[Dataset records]
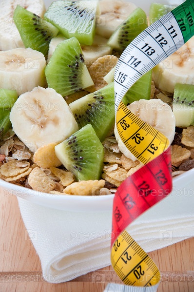 Тарелка мюсли со свежими фруктами и сантиметровая лента
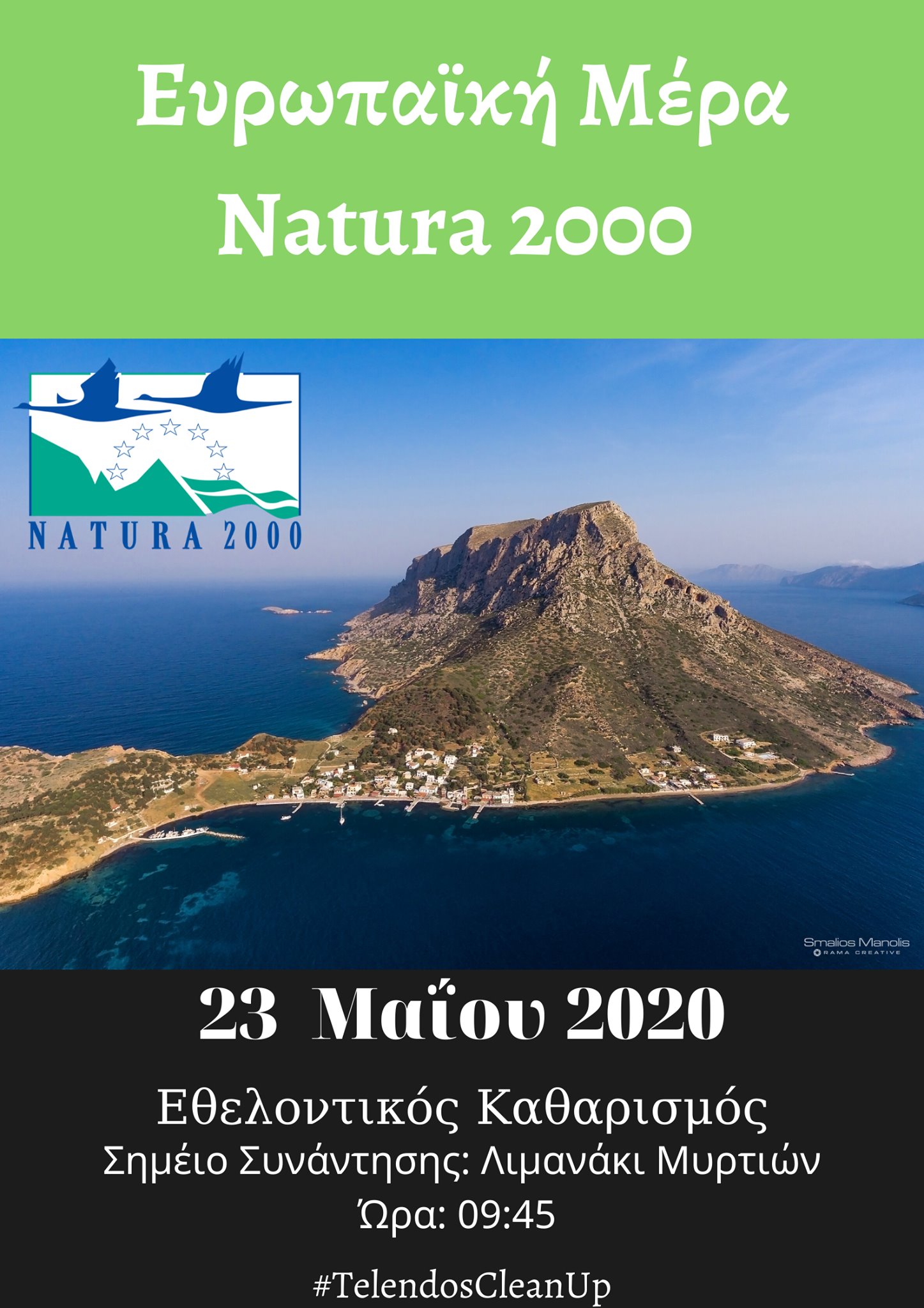 Έτσι με αφορμή την Ευρωπαϊκή Μέρα Natura 2000 (21/05) διοργανώνουμε ένα εθελοντικό καθαρισμό στην γειτονική μας Τέλενδο τόσο στην περιοχή Natura 2000 όσο και σε άλλες περιοχές του νησιού που έχει παρατηρηθεί οξύ πρόβλημα από φερτά και μη υλικά.
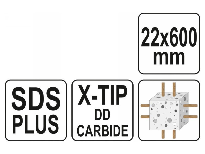 YATO Kőzetfúró 22 x 600/525 mm négyélű SDS-Plus
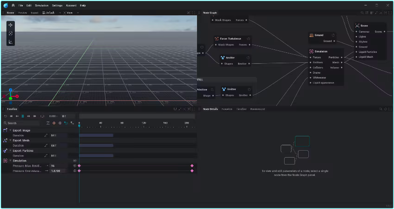 Liquid simulations have been notoriously difficult because of the knowledge required and the time and compute power needed. With an intuitive UI derived from EmberGen, you assemble a small node graph to create the perfect setup for your simulation. Press play, and tweak parameters in real-time. When you’re ready to export, simply click export and you’re done!
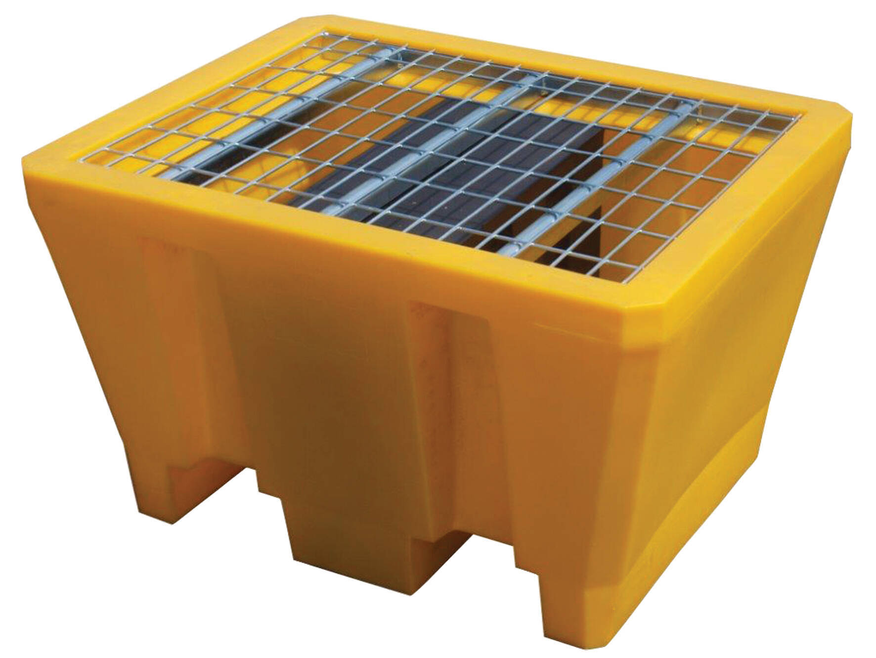 Bac de rétention avec caillebotis en fil d’acier renforcé capacité 1 fût volume de rétention : 225 litres – dimensions : L 925 x l. 755 x H 555 mm
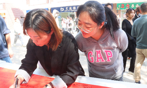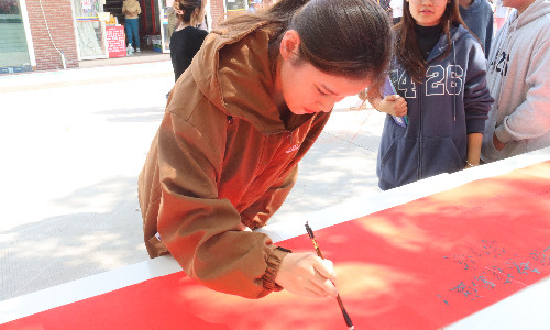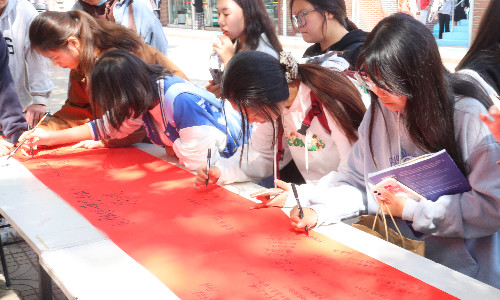 活动期间,学院领导、教师、学生路过时纷纷驻足,用手中的笔书写出心中最诚挚的祝福。学院党委书记孙雷书记笔走龙蛇,写下“祝祖国越来越好”的真挚期盼,赵凯雷副院长力透纸背,写出“预祝二十大圆满成功”的热切期待。
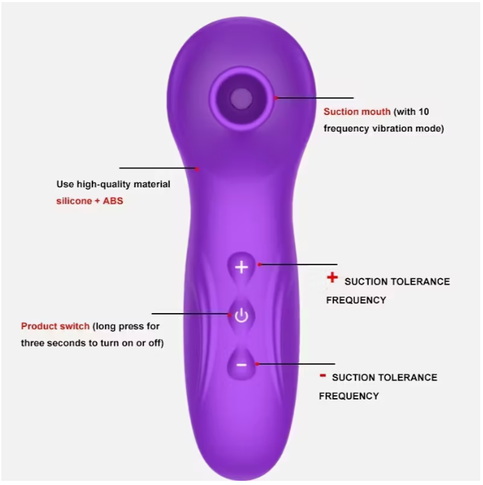 Juguete sexual vibrador 10 MODOS con succión GOLD2 / PINK Color / alimentado por batería integrada, con carga USB. / R17
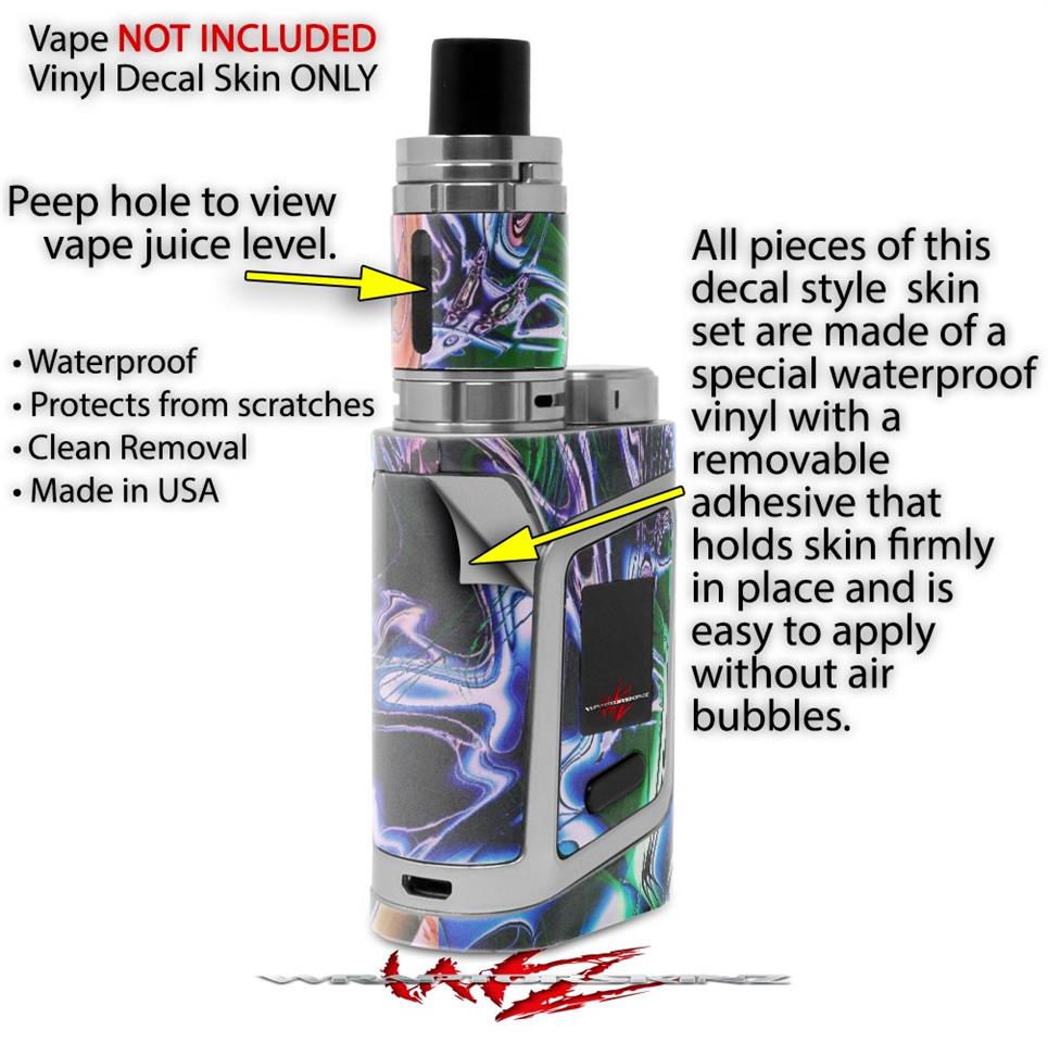 WraptorSkinz® skin wraps are printed using superb photo quality designs and vibrant colors printed with special fade resistant inks that last even in direct sun for years. WraptorSkinz are a composite of two layers of commercial grade materials. The bottom layer is a soft, flexible vinyl with a special removable adhesive that is easily positioned, applied without air bubbles. Next we print the bottom layer with UV protected, fade resistant inks that deliver superb photo quality designs in vibrant colors. Finally we bond a professional grade laminate over the entire skin adding a glossy protective finish. This product is not affiliated with or endorsed by the Smok brand.
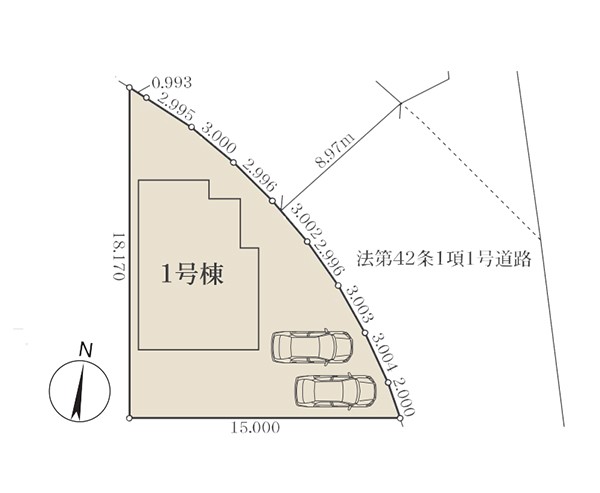| 駐車場 | 2台 | 道路の幅員 | 1号棟:北東8.9m |

- What is being asked
Exactly what appears in the records above must be returned, apart from the pictures.

- Exercise result
 Тарелка мюсли со свежими фруктами и сантиметровая лента
 Έτσι με αφορμή την Ευρωπαϊκή Μέρα Natura 2000 (21/05) διοργανώνουμε ένα εθελοντικό καθαρισμό στην γειτονική μας Τέλενδο τόσο στην περιοχή Natura 2000 όσο και σε άλλες περιοχές του νησιού που έχει παρατηρηθεί οξύ πρόβλημα από φερτά και μη υλικά.
 YATO Kőzetfúró 22 x 600/525 mm négyélű SDS-Plus
 Liquid simulations have been notoriously difficult because of the knowledge required and the time and compute power needed. With an intuitive UI derived from EmberGen, you assemble a small node graph to create the perfect setup for your simulation. Press play, and tweak parameters in real-time. When you’re ready to export, simply click export and you’re done!
 Bac de rétention avec caillebotis en fil d’acier renforcé capacité 1 fût volume de rétention : 225 litres – dimensions : L 925 x l. 755 x H 555 mm
 活动期间,学院领导、教师、学生路过时纷纷驻足,用手中的笔书写出心中最诚挚的祝福。学院党委书记孙雷书记笔走龙蛇,写下“祝祖国越来越好”的真挚期盼,赵凯雷副院长力透纸背,写出“预祝二十大圆满成功”的热切期待。
 Juguete sexual vibrador 10 MODOS con succión GOLD2 / PINK Color / alimentado por batería integrada, con carga USB. / R17
 WraptorSkinz® skin wraps are printed using superb photo quality designs and vibrant colors printed with special fade resistant inks that last even in direct sun for years. WraptorSkinz are a composite of two layers of commercial grade materials. The bottom layer is a soft, flexible vinyl with a special removable adhesive that is easily positioned, applied without air bubbles. Next we print the bottom layer with UV protected, fade resistant inks that deliver superb photo quality designs in vibrant colors. Finally we bond a professional grade laminate over the entire skin adding a glossy protective finish. This product is not affiliated with or endorsed by the Smok brand.
| 駐車場 | 2台 | 道路の幅員 | 1号棟:北東8.9m |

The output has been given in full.